Я проснулся от звона велосипеда. Это газетчик положил свежий номер «Миррор» в почтовый ящик. Из кухни доносилось тихое бормотание радио. На секунду, в момент между сном и пробуждением, мне показалось, что наступил самый обычный день.

Но после завтрака мы с сыном облачились в траурную одежду (оба мы выглядели неуклюже в черных галстуках и белых рубашках), уселись на полу моей детской спальни и стали смотреть фотографии, коробку за коробкой.

И время как будто потекло вспять. Здесь были яркие цветные карточки, на которых мой отец и Пэт открывают рождественские подарки, Пэт катается на своем «Колокольчике» с еще не снятыми стабилизаторами, Пэт с ослепительно белыми волосами, только-только начинающий ходить, Пэт — спящий младенец на руках улыбающегося дедушки.

Было множество других фотографий — с выцветающими красками: мои родители со мной и с Джиной в день нашей свадьбы, я — самодовольно ухмыляющийся подросток с отцом — крепким мужчиной лет пятидесяти, оба положили друг другу руки на плечи, мы стоим в нашем садике за домом, отец гордится мной и своим садом. И еще более ранние фотографии, где я — бестолковый десятилетний мальчуган с родителями, еще молодыми, на свадьбе одного из моих многочисленных двоюродных братьев.

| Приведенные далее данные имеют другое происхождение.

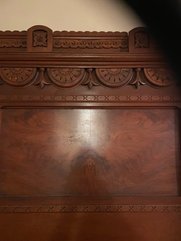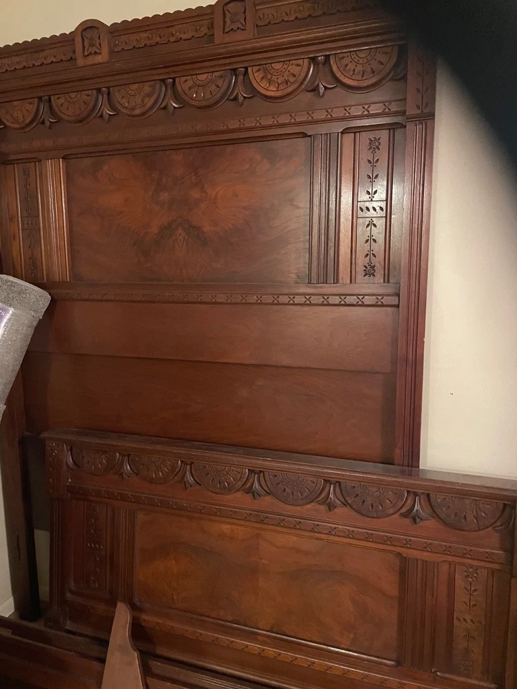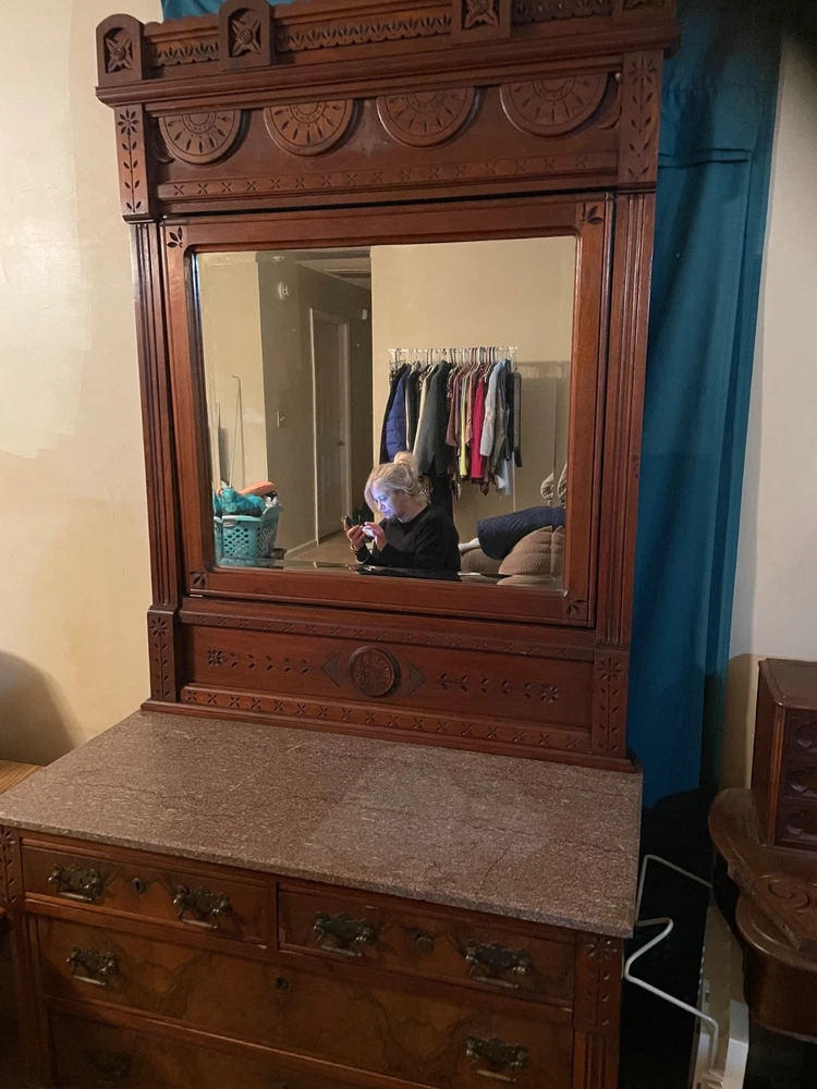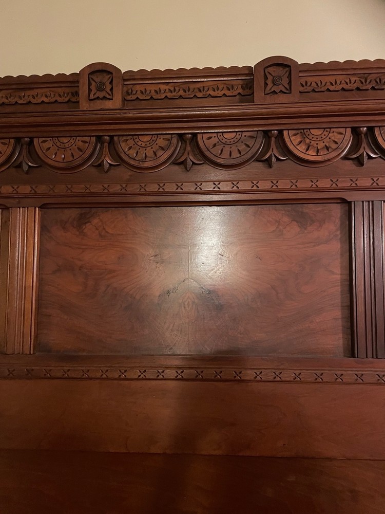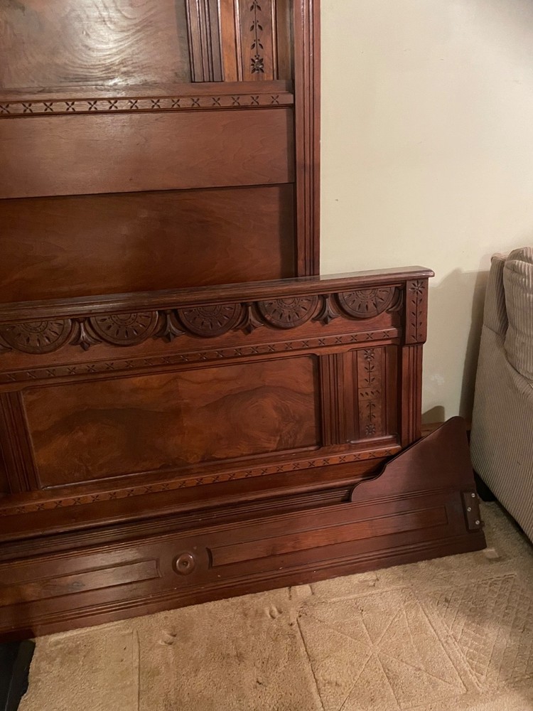 antique full size bed eastlake style with dresser with marble top and mirror

И дальше, к первым воспоминаниям и вовсе незапамятным временам. На черно-белом снимке я коротко остриженный ребенок с папой и лошадьми на Солсбери-Плейн, еще одна черно-белая фотография, где мой отец, смеясь, поднимает меня на руки на каком-то открытом всем ветрам пляже, и, наконец, фотографии в серых тонах: мои родители в день своей свадьбы и отец в военной форме.

Его детских снимков я никогда не видел просто потому, что он был из бедной семьи, у них не было фотоаппарата, но ощущение складывалось такое, что его жизнь началась только вместе с нашей маленькой семейкой.

Привезли цветы. Мы с Пэтом подошли к окну комнаты моих родителей, выходившему на улицу, и смотрели, как цветочник выгружает свой товар из фургона. Вскоре завернутые в целлофан букеты покрыли весь газон перед домом, и я вспомнил о принцессе Диане и море цветов, выплеснувшемся на черную ограду королевского дворца. Для цветочника это была просто работа, первый заказ в этот день, но казалось, что он сочувствует искренне.

Я слышал, как он сказал моей маме: «Жаль, что я не знал его».

* * *

Когда гроб прибыл в церковь, мы… рассмеялись. Это был смех отчаяния, смех, служащий плотиной для слез, которые, если начнутся, уже не остановятся, но все же это был смех.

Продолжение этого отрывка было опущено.